Account ManagerJob Description, Salary, Career Path, and Trends
Account managers are excellent in customer service and managing client relationships. If you’re a natural problem solver, enjoy helping others, and always put the customer first, becoming an account manager could be a smart career move. A successful account manager is able to make customers feel like they are getting the best service and the most value out of their product as possible. Account managers work in a variety of industries, and many of them will travel to and from multiple businesses to discuss business with clients.
Sample job description
Our clients are the heart and soul of our business. Consequently, we are looking for an extremely skilled account manager who is willing to go above and beyond in order to elevate our clients’ experiences. At [Your Company Name], we want every customer to know that they are the priority. This will be the account manager’s primary daily focus. The account manager will be required to reach out to existing customers in order to regularly check-in, listen to their feedback, take referrals, and use the opportunity to upsell existing clients. You will also be required to work alongside other departments to ensure that all customer requests are met and properly understood. Resolving complaints and finding solutions as a practical problem solver will be key in maintaining customer satisfaction and ensuring success in this position.

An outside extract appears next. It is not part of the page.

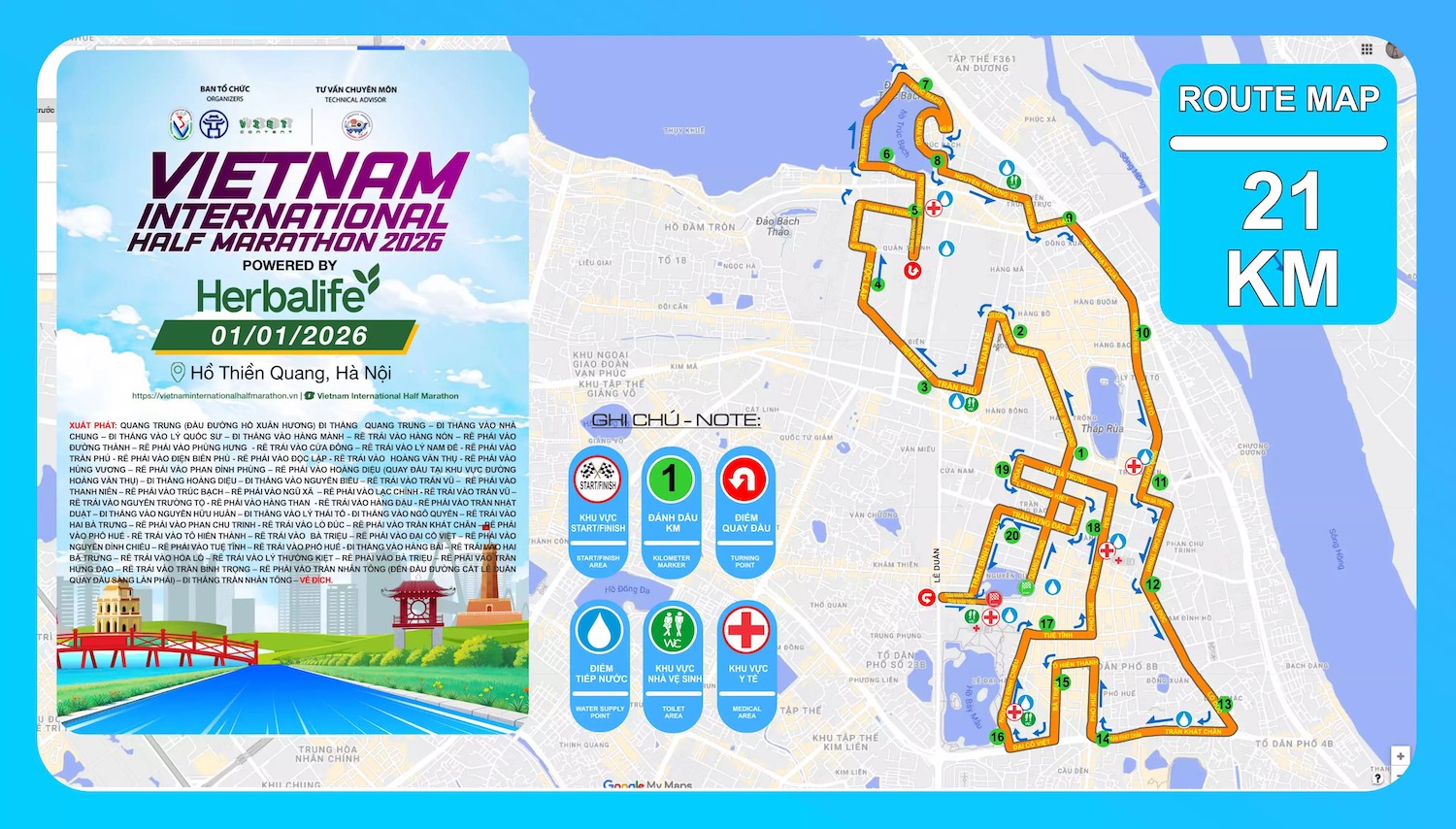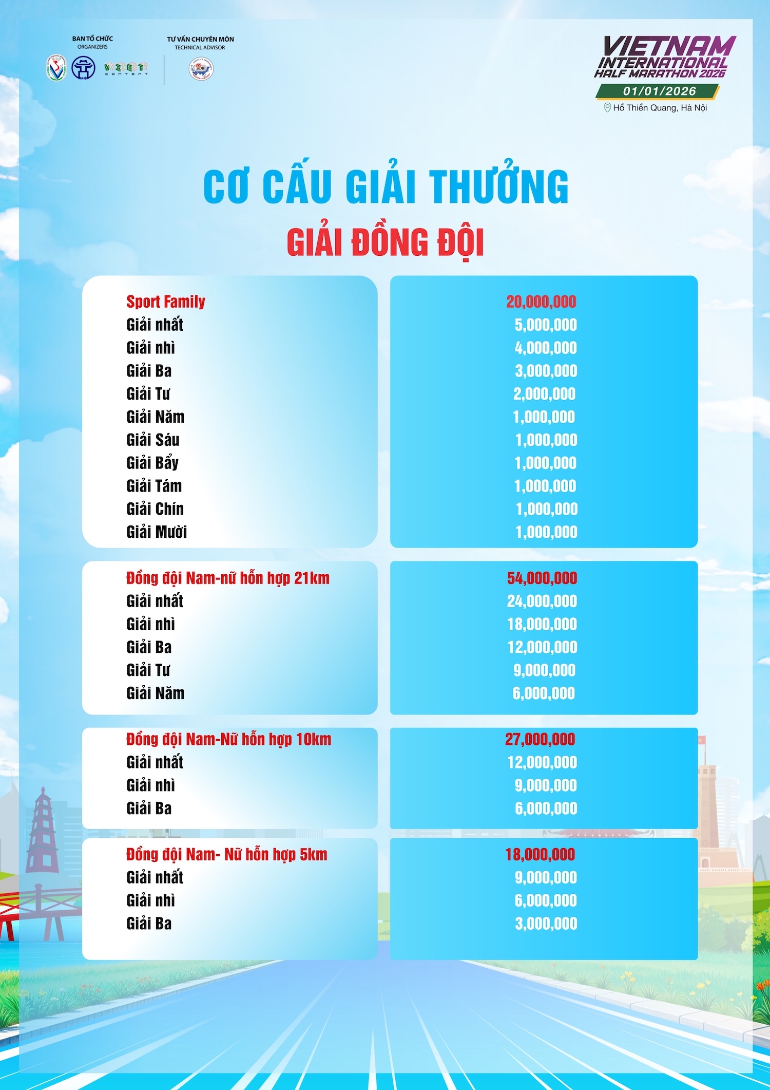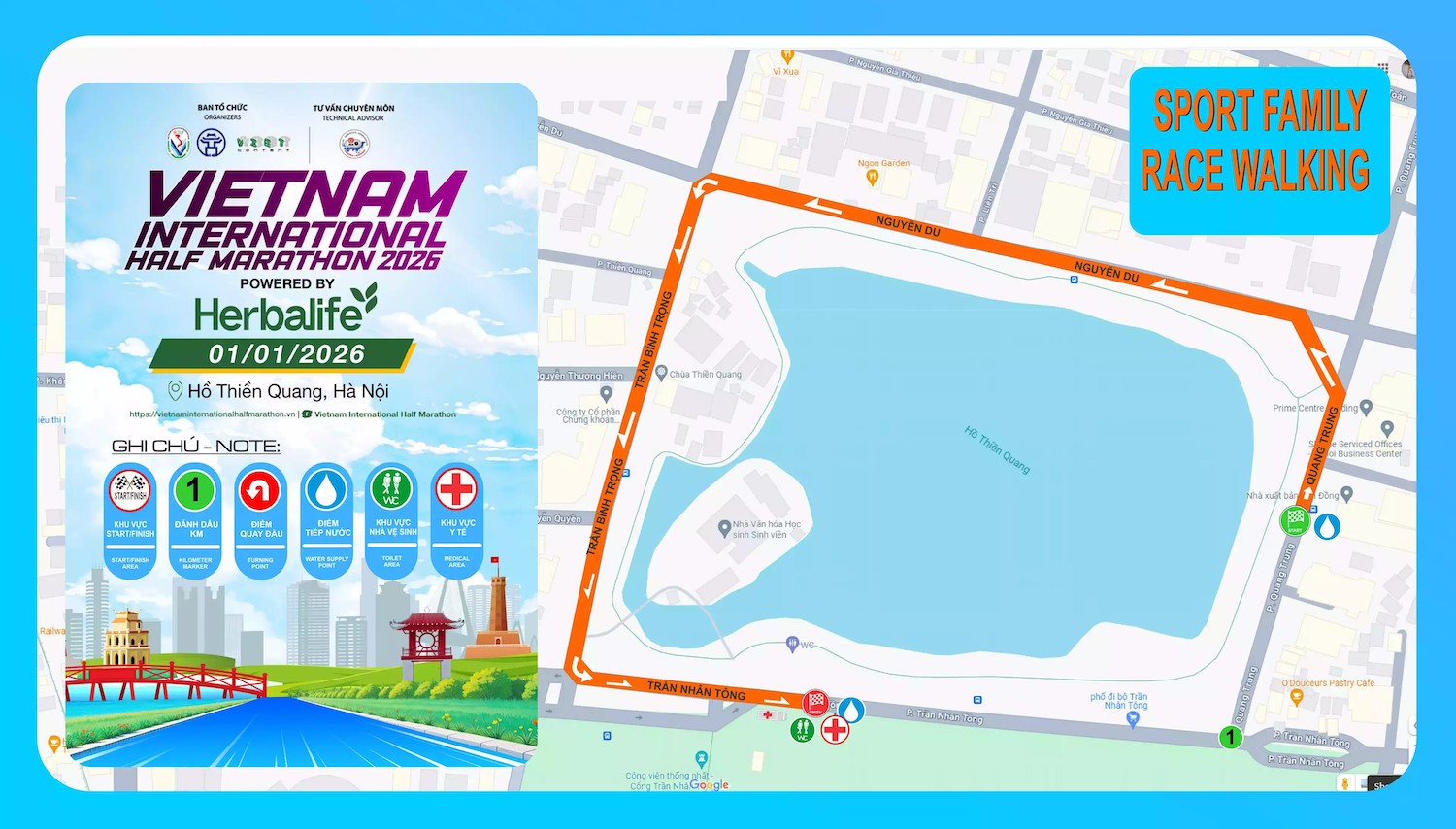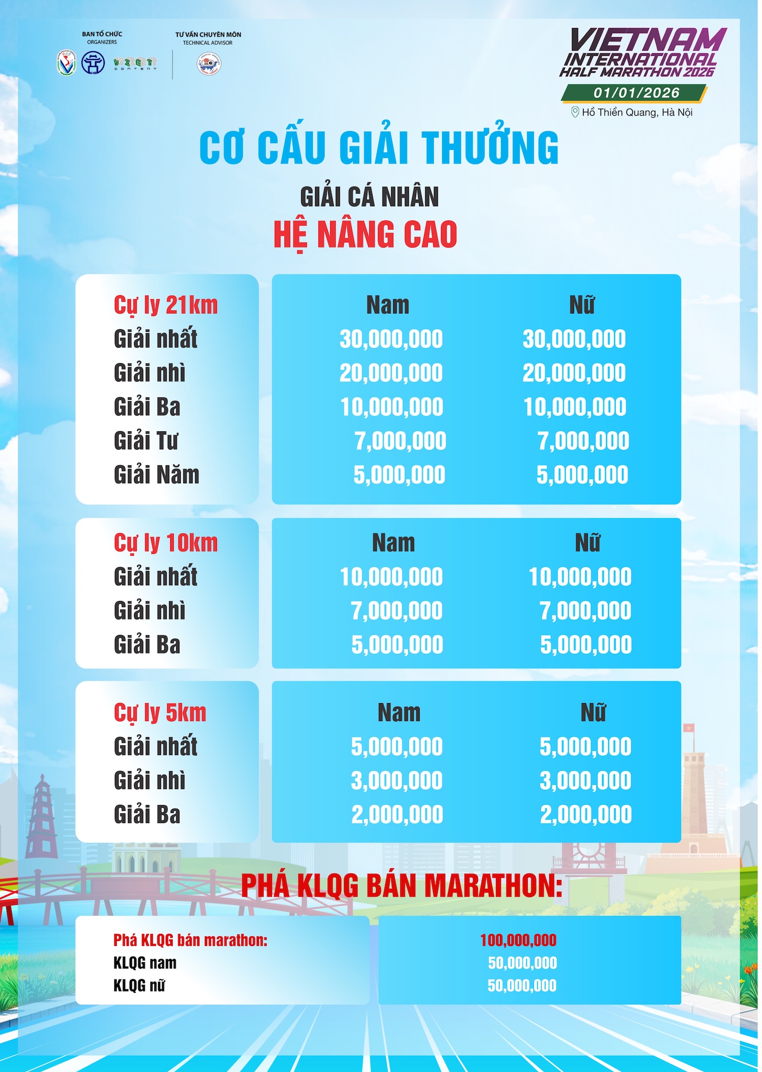 Bước sang năm thứ 4, Giải bán marathon Quốc tế Việt Nam 2026 đã trở thành điểm hẹn quen thuộc để chào đón năm mới bên bạn bè, người thân của các runner. Giải có điểm xuất phát và về đích tại Hồ Thiền Quang, Hà Nội với các cự ly 21km - 10km - 5km và gia đình thể thao. Trong mùa giải năm nay, BTC sẽ đón 7.000 VĐV tham dự.

Typical duties and responsibilities
Track and evaluate daily performance
Report back information to superiors
Monitor and analyze customer data
Oversee cash receipts, payroll, utilities, revenue, and financial debt
Construct financial reports
Integrate annual audits
Manage client records and contracts
Address customers needs and concerns
Ensure KPIs are met
Negotiate client contracts
Build and maintain excellent customer relationships
Education and experience
High School diploma or equivalent (GED)
Bachelor’s degree in business administration, sales, accounting, or related field
2 or more years of experience
Required skills and qualifications
Excellent organizational skills
Ability to direct and implement policies
Time management skills
Proficient listening skills
Works well under pressure
Strong communication skills
Confident handling large accounts
Strong selling skills
Ability to meet goals/targets
Ability to build rapport with clients
Advanced computer skills
Certification related to account management
Knowledge in Customer Relationship Management (CRM) software
Average salary and compensation
The average base salary for an account manager is $58,800 per year in the United States. While only base salaries are reflected here, commissions and bonuses may greatly increase total compensation. Additionally, salaries will vary based on experience, company size, industry, and geographic market.
Los Angeles, California
Minneapolis-St. Paul, Minnesota
New York City, New York
Typical work environment
When account managers aren’t traveling to meet with clients they typically work in an office setting. They spend a good portion of their time on their feet as they frequently communicate with clients and other employees in meetings. Account managers work in a variety of industries with that being said your work can vary.
Account managers work during normal office hours, from 8AM to 5 PM. There are times when the clients will need to meet after hours or on the weekends so you will need to be available in order to meet the clients’ needs.
As technical writers work in a variety of industries, there are many institutions that offer certifications, including:
Strategic Account Manager Certification (CSAM). Created by SAMA, this certificate teaches you the techniques needed to expand your customer base. It provides you with the knowledge to succeed on specific topics, like networking. This is a 12-18 month program, and you must currently be employed as a strategic account manager.
Certified Sales Professional (CSP). This certification course ensures you are great when handling vital customers and can consistently meet target sales, which employers love to see. You must have a college degree, 35 hours of accredited training in sales, and four years of experience to be eligible for this certification.
Project Management Professional Certification (PMP). This certification tells employers that you are knowledgeable in project management. It’s currently the number one management certification you can receive, but the requirements are strict. You’ll need a college degree, 36 months of leading projects, 35 hours of management training, and must pass the PMP exam.
In order for you to become an account manager, you’ll need a high school diploma or equivalent. Most account managers have a bachelor’s degree in business administration, sales, accounting, marketing, or another related field. Candidates are highly competitive when it comes to this career, so some go on to get a master’s degree.
Account managers work in a variety of industries. Many of them are working regular hours at B2B and B2C companies. Whether you’re managing tech accounts or retail accounts, the job is fairly similar. Students who want to become an account manager should get internships in management and work on being organized, strong-willed, and detail-oriented. Certifications related to this field are a plus, and many will go on to gather at least one after a few years in the field.
US, Bureau of Labor Statistics’ job outlook
SOC Code: 11-3010
Projected Employment in 2030
Projected 2020-2030 Percentage Shift
Projected 2020-2030 Numeric Shift
Account management positions will continue to be a competitive and demanding field as industries continue to grow. Software will continue to improve as well so that you can better manage your client relationships, but this will not take over the job of account management. There will be an increase in managers over the next 10 years, and this is an occupation that will always need a human’s touch.